OF_SNPs <- MakeDiploidFSTMat(ssw.geno, locusNames=seq(1, 5317, by=1), popNames=ssw_meta$Trajectory) # Provide the transposed genotype file, locus names, and population names.
​
OF_out <- OutFLANK(FstDataFrame=OF_SNPs, LeftTrimFraction=0.05, RightTrimFraction=0.05, Hmin=0.1, NumberOfSamples=3, qthreshold=0.1)
​
OutFLANKResultsPlotter(OF_out, withOutliers=T, NoCorr=T, Hmin=0.1, binwidth=0.005, titletext="Scan for local selective sweeps among disease groups: HH, HS, and SS")

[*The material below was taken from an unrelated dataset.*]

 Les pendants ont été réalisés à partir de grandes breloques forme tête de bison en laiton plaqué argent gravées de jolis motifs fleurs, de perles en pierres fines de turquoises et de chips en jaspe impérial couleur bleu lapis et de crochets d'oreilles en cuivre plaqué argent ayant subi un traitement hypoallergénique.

• Take a look at your plot. Are there outlier loci that exceed the upper tail of this distribution?
• Identify your outliers and list which SNP loci they are, based on the rank order in the .geno matrix:

outliers <- which(OF_out$results$OutlierFlag=="TRUE")
print(outliers)

• Note that these numbers just refer to the rank order of the SNPs in your data matrix (from 1 to 5317). To figure out which genes (transcript IDs) these SNPs actually belong to, we need our vcf file. Make sure your vcf file is in the working directory of your R session, then read it in:

vcf1 <- read.vcfR("SSW_all_biallelic.MAF0.02.Miss0.8.recode.vcf")

• We can extract the info on transcript ID and SNP position with the 'getFIX' command, and then ask for just this info associated with our outliers identified above:

vcfann <- as.data.frame(getFIX(vcf1))
vcfann[outliers,]

• Cool…it looks like we've got several promising candidate genes that show stronger than expected allele frequency divergence among our disease groups, consistent with selection imposed by SSW disease.

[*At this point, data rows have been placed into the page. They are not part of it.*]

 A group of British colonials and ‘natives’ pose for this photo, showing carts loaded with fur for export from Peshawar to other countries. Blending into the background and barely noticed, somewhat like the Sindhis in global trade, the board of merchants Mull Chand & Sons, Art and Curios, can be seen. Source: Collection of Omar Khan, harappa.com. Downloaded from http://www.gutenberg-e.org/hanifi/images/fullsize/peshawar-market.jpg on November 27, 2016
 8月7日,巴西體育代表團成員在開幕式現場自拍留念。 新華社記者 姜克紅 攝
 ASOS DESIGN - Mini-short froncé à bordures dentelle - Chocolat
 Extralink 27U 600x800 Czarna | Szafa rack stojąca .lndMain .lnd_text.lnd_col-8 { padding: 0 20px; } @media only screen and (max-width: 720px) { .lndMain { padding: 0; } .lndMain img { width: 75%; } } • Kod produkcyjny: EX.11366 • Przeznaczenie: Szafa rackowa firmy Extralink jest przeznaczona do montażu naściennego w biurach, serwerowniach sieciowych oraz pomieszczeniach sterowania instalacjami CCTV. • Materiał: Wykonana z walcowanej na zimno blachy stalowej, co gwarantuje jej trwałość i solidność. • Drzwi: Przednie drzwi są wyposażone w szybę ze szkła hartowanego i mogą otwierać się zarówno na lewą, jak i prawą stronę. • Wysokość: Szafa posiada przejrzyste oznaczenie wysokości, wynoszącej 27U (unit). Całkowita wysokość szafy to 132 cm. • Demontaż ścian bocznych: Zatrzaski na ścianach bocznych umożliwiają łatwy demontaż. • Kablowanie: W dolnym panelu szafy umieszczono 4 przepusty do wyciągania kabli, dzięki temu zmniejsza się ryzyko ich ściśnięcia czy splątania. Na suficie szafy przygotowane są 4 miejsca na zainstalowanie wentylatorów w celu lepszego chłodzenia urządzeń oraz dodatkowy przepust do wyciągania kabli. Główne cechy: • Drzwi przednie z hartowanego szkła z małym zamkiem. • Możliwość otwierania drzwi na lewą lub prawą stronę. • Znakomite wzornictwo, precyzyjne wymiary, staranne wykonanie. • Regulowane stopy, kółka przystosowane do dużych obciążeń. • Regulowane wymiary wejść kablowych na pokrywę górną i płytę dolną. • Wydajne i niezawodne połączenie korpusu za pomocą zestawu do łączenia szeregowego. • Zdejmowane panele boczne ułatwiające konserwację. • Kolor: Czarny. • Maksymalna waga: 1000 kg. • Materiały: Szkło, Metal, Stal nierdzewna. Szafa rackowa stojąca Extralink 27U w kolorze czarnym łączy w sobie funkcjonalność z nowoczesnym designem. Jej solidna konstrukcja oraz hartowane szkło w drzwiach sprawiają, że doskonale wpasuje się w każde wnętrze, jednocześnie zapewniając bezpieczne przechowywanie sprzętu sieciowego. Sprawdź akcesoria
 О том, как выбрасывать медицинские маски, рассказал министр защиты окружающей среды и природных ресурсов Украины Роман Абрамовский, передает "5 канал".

• Coming up in our next coding session, we'll annotate our entire transcriptome using BLAST to public databases so we can assess what types of genes these are and what functions they have.

• For now, we can do this manually by BLAST'ing a couple genes that we've identified as outliers:

  • Log back into the server and download the file that contains the full transcriptome reference sequences based on our RNASeq data:

     
    /data/project_data/assembly/08-11-35-36_cl20_longest_orfs_gene.cds
    

  • Open this file in your favorite light-weight text editor and search for one of the Trinity transcript ID's discovered by OutFLANK

  • Copy the resulting nucleotide sequences, and go to the NCBI BLAST homepage: https://blast.ncbi.nlm.nih.gov/Blast.cgi

  • Since these sequences are protein-coding transcripts, let's use the BLASTn algorithm, which translates the nucleotide sequence into amino-acids, and searches the NCBI nr database for protein matches

  • What did you find? What type of protein and its function are among the best hits?

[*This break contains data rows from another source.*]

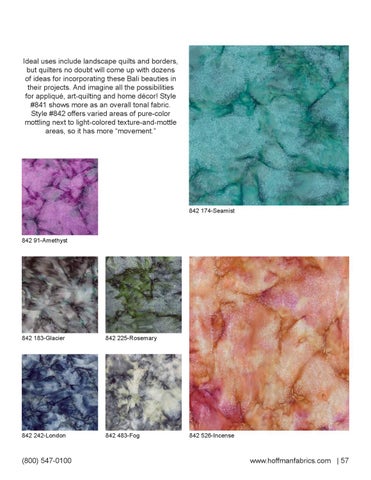 Ideal uses include landscape quilts and borders, but quilters no doubt will come up with dozens of ideas for incorporating these Bali beauties in their projects. And imagine all the possibilities for appliqué, art-quilting and home décor! Style #841 shows more as an overall tonal fabric. Style #842 offers varied areas of pure-color mottling next to light-colored texture-and-mottle areas, so it has more “movement.”
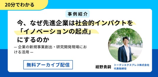 ダウンロードはコチラ:https://lp.token-express.com/wp2602■セミナーアーカイブのご案内「今なぜ先進企業は、社会的インパクトを”イノベーションの起点”にするのか ― 企業の新規事業創出・研究開発現場における活用 ―」をテーマにセミナーアーカイブを配信中です。ご興味ある方は是非お申込みください。
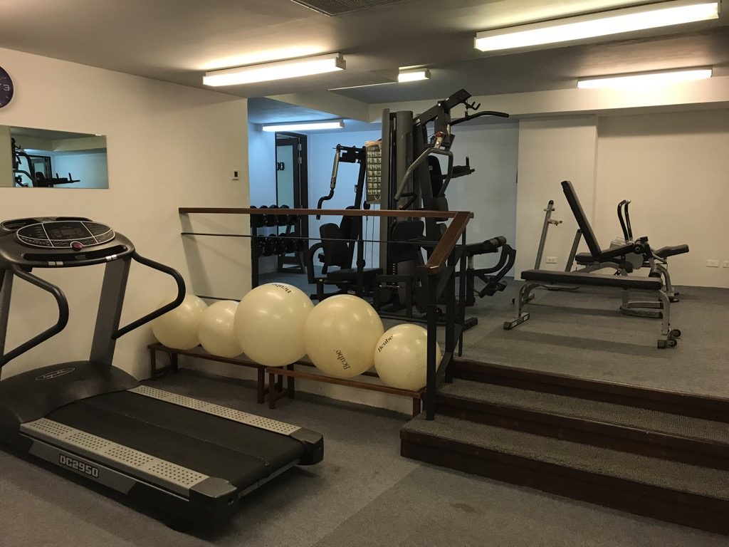 Das Gym war klein, aber funktional ausgestattet. Neben Geräten für Ausdauersport gab es auch freie Gewichte und Geräte fürs Krafttraining.
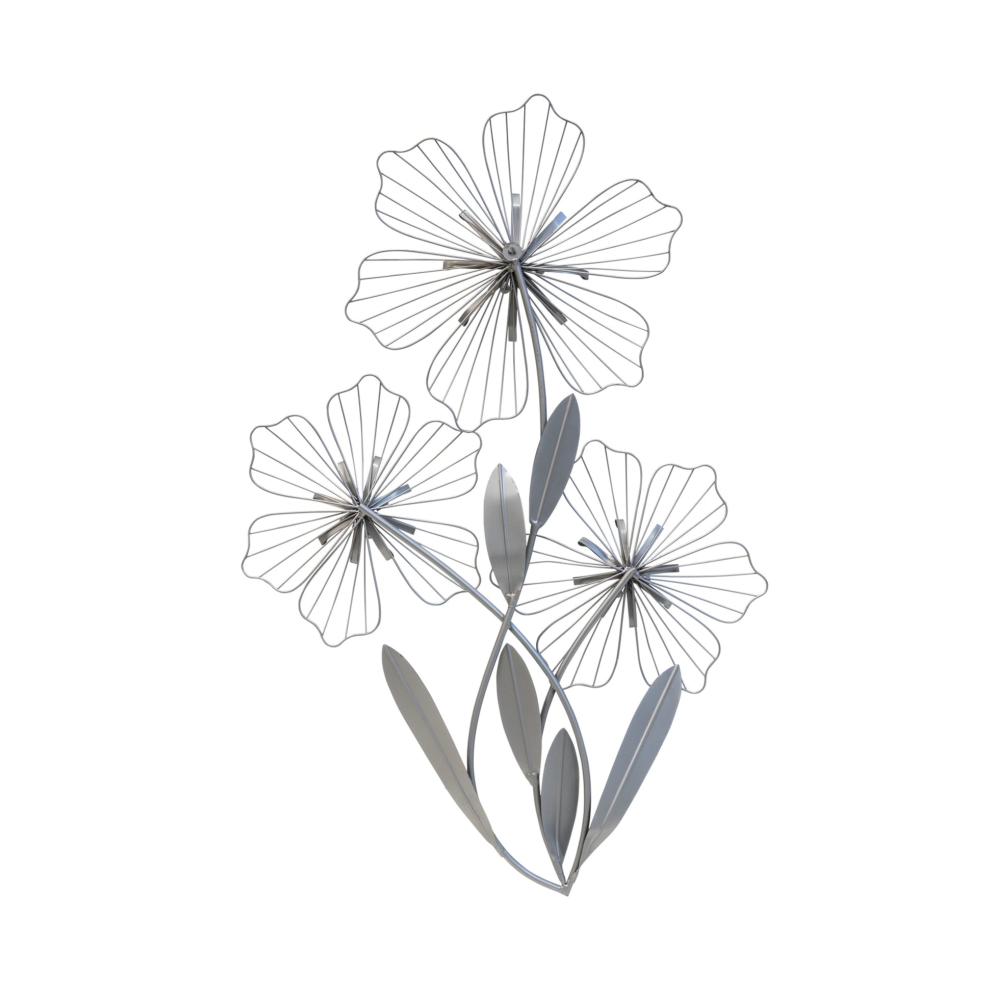 The silver and blue three flower sculptural metal wall decor is the perfect decorative accessory for your home. This decorative piece takes on the shape of a plant with three fully bloomed flowers, infusing nature's charm into your indoors. Fresh and clean this wall decor is will be a great addition to your living room, hallway, bedroom, lounge, or office. Adding this hanging wall art to your space to make your room feel more finished and attractive. Instantly liven up your space with this art that brings color and dimension to your walls. 30-inch H x 18.5-inch W x 1.25-inch D
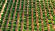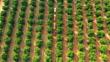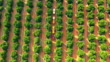 Agriculture agricole, agriculteurs et camion pour l’industrie de la production alimentaire avec drone sur le verger d’orangers. travail d’équipe, train tracteur et transport pour le développement et la distribution des agrumes - Vidéo 4K
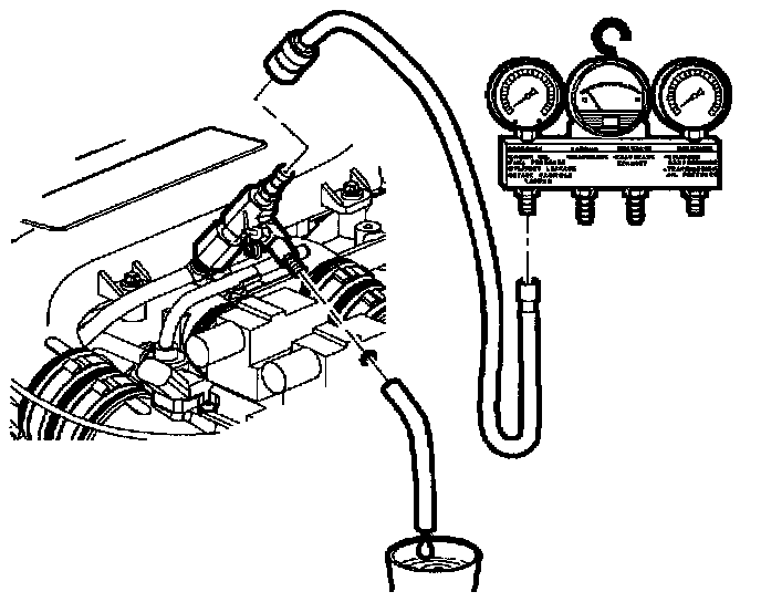 CAUTION: Whenever fuel line fittings are loosened or disconnected, wrap a shop cloth around fitting while connecting gauge, to collect fuel place the cloth in an approved container.
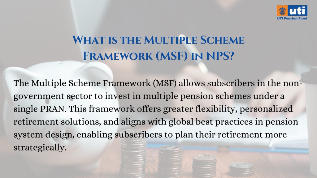 The Multiple Scheme Framework (MSF) allows subscribers in the non-government sector to invest in multiple pension schemes under a single PRAN. <br><br>To know more, <br>Visit - https://www.utipension.com/blog/multiple-scheme-framework-msf-nps-subscriber?utm_source=pdf&utm_medium=organic&utm_campaign=msf
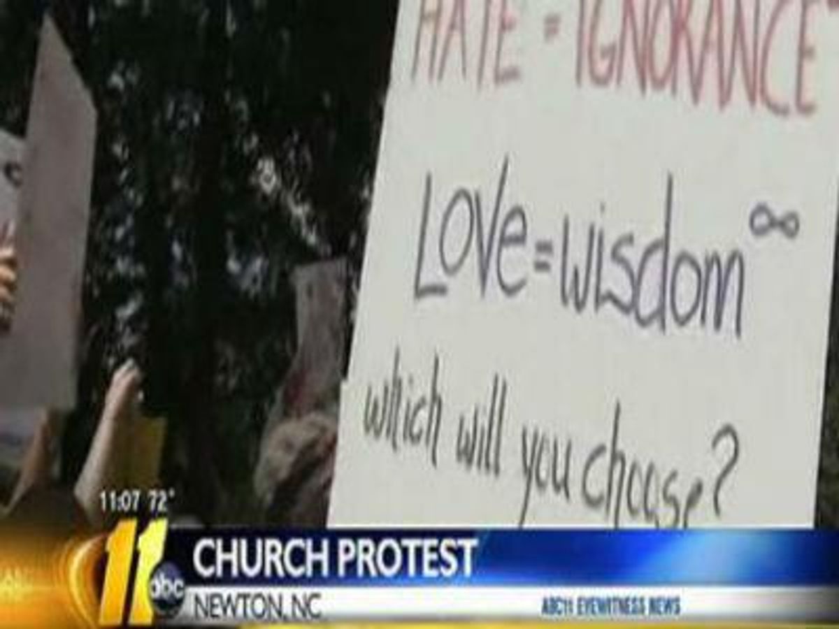 The demonstrators were objecting to a Mother's Day sermon by Providence Road Baptist Church pastor Charles Worley, who advocated putting gays and lesbians in concentration camp-style settings. Video of the message went viral online.
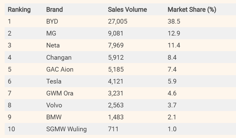 ในประเทศไทย ยอดจดทะเบียนรถยนต์ไฟฟ้าล้วนในปี 2024 อยู่ที่ 70,137 คัน ลดลง 8.1% จากปีก่อน ในบรรดาแบรนด์รถยนต์ที่ขายดีที่สุด 10 อันดับแรก มี 7 แบรนด์แรกเป็นแบรนด์จีน โดย BYD ครองอันดับ 1 ในด้านยอดขายตลอดทั้งปี โดยมีส่วนแบ่งการตลาดมากกว่าหนึ่งในสาม

  • It might be really interesting to do this for the outlier SNPs that you identified among disease groups using DAPC. Think back to the loading plots we made in the PopGenomics4 tutorial:

   
  # Use the "droplevels" command to eliminate the last 2 individuals with "MM" and ensure there are only 3 disease categories; call this a new dataframe 'ssw_meta2'
  ssw_meta2 <- droplevels(ssw_meta[1:22,])
  ​
  # Now drop the last 2 individuals that are MM from the genlight SNP data. Note, the vcf object has an extra column in front, so you have to go to column 23 to get the first 22 individuals.
  gl1 <- vcfR2genlight(vcf1[,1:23])
  gl1$other <- as.list(ssw_meta2)
  ​
  # Run the DAPC using disease status to group samples
  disease.dapc <- dapc(gl1, pop=gl1$other$Trajectory, n.pca=7, n.da=3,
       var.loadings=T, pca.info=T, parallel=F)
  ​
  # Scatterplot of results
  scatter.dapc(disease.dapc, grp=gl1$other$Trajectory, legend=T)
  ​
  # Plot loci that contribute the most to distinguishing Healthy vs. Sick individuals (upper 0.1% of loadings)
  loadingplot(disease.dapc$var.load, 
              lab.jitter=1, 
              threshold=quantile(disease.dapc$var.load, probs=0.999))
  ​
  # What are the Trinity transcript ID's for these DAPC outliers?
  gl1$chromosome[which(disease.dapc$var.load>quantile(disease.dapc$var.load, 0.999))]
  

• Do any of the DAPC outliers overlap with the selected SNPs identified by OutFLANK?

• What type of genes do you get for DAPC outliers when you use BLASTn?